* [Task to carry out]
Starting at the line with "Слайд 7Древние платформы" and ending at the line with "A VFU single", print exactly the lines of the entries below. Pictures do not belong in the copy.

* [Data shown]
########

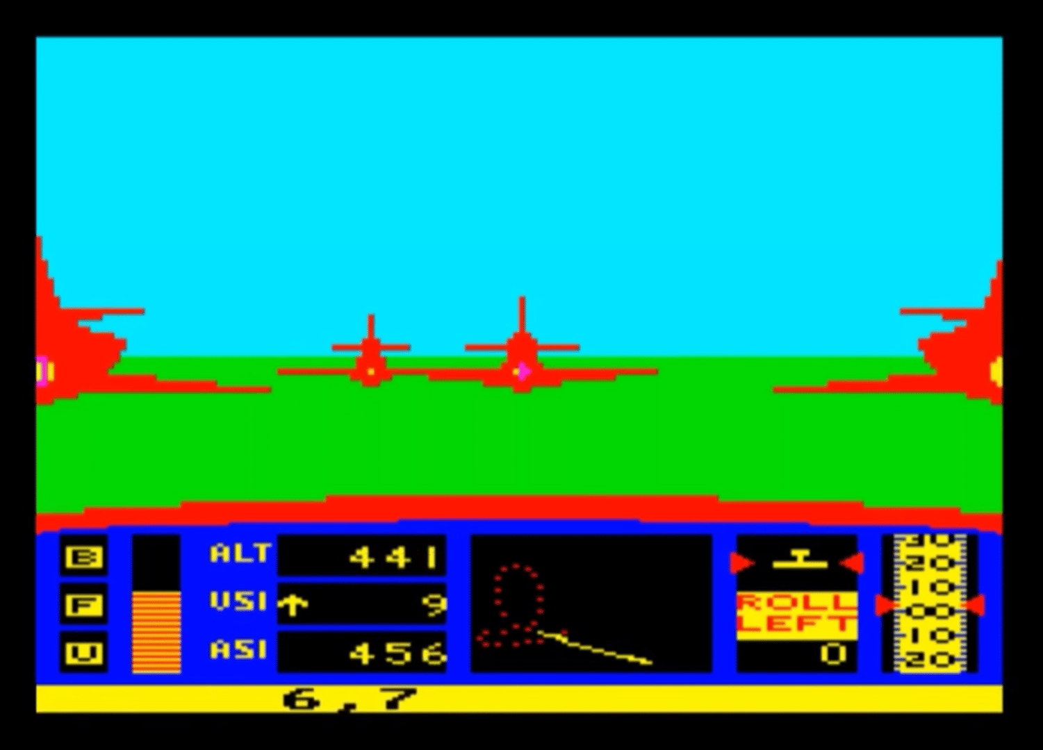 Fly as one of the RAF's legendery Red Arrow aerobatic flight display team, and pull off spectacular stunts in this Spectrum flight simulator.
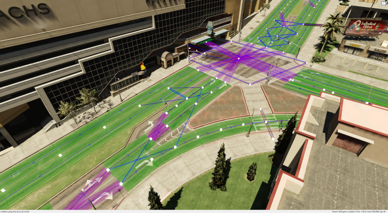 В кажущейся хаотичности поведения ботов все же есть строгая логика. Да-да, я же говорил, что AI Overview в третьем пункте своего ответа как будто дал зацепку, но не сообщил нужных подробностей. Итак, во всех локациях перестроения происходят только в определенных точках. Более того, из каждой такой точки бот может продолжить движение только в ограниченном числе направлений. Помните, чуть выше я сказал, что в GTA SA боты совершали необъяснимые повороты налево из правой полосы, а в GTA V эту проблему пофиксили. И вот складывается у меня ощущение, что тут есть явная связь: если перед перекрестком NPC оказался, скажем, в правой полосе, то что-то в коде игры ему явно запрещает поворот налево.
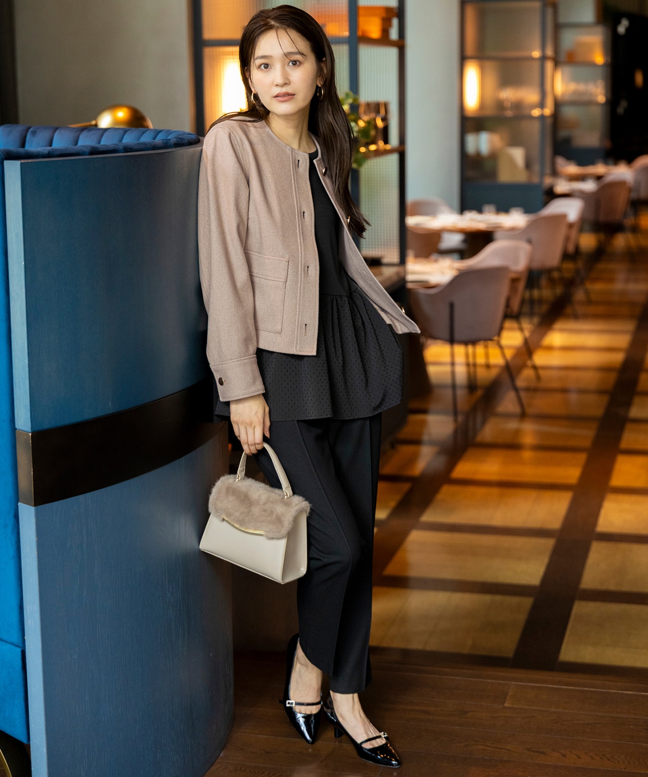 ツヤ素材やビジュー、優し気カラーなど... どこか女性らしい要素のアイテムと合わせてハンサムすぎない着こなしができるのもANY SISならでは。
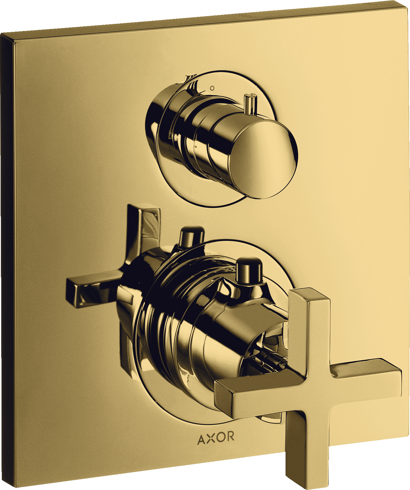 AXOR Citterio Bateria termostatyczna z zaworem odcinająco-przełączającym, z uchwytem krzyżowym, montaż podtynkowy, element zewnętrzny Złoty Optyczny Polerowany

########

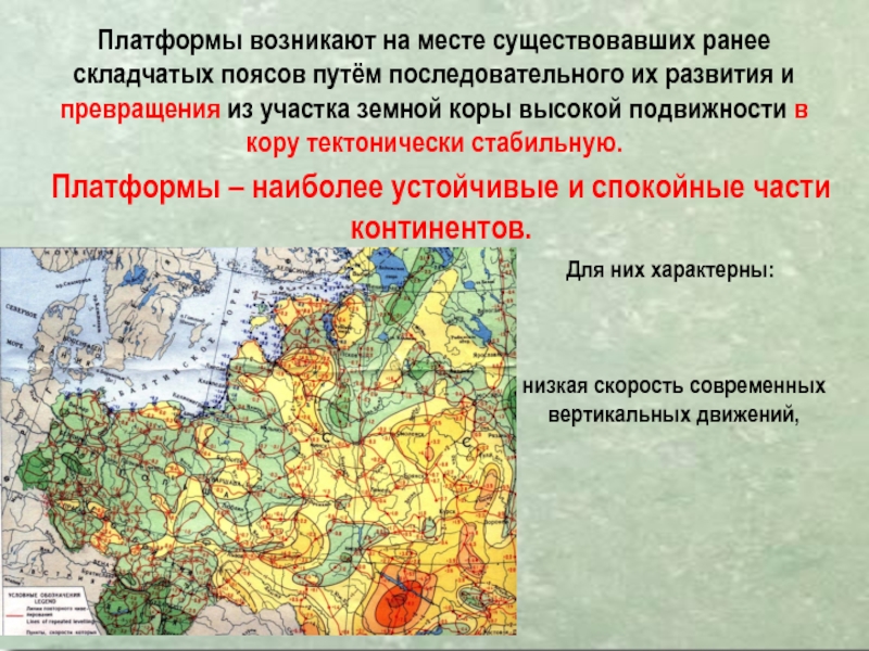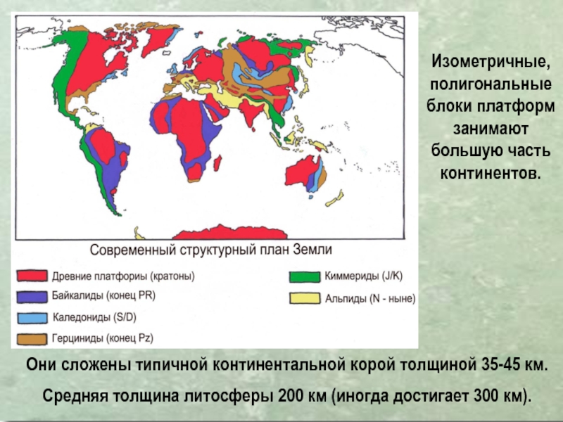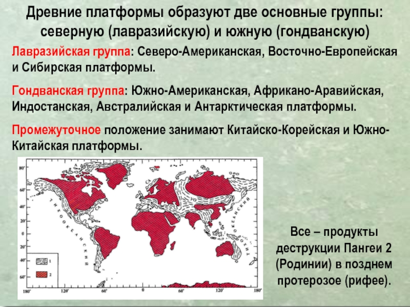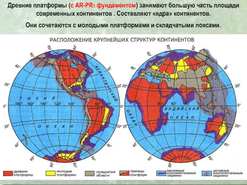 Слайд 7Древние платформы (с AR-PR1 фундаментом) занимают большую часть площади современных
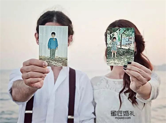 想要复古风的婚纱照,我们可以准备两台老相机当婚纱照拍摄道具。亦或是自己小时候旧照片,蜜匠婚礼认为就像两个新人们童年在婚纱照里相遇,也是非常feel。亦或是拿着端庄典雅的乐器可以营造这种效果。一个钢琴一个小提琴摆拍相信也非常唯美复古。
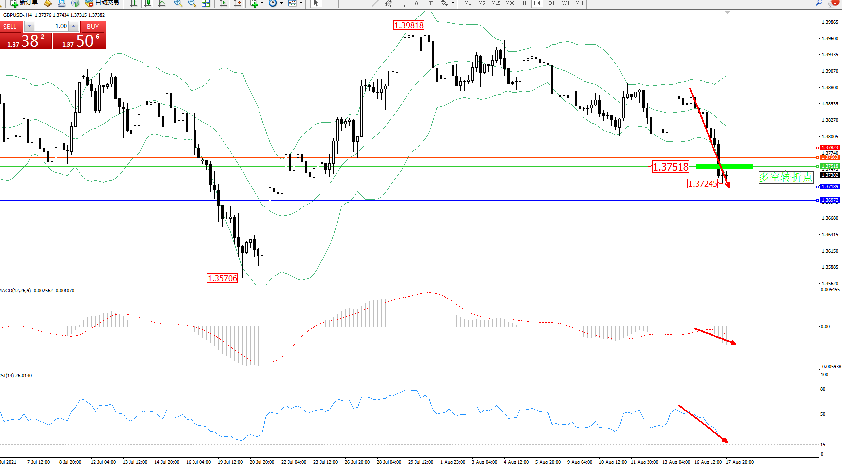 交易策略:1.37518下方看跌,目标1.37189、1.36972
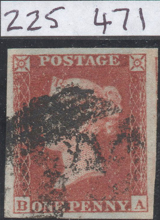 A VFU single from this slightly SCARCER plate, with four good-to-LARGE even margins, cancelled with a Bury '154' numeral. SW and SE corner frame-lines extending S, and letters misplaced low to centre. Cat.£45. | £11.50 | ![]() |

########

* [Result]
 Слайд 7Древние платформы (с AR-PR1 фундаментом) занимают большую часть площади современных
 想要复古风的婚纱照,我们可以准备两台老相机当婚纱照拍摄道具。亦或是自己小时候旧照片,蜜匠婚礼认为就像两个新人们童年在婚纱照里相遇,也是非常feel。亦或是拿着端庄典雅的乐器可以营造这种效果。一个钢琴一个小提琴摆拍相信也非常唯美复古。
 交易策略:1.37518下方看跌,目标1.37189、1.36972
 A VFU single from this slightly SCARCER plate, with four good-to-LARGE even margins, cancelled with a Bury '154' numeral. SW and SE corner frame-lines extending S, and letters misplaced low to centre. Cat.£45. | £11.50 | ![]() |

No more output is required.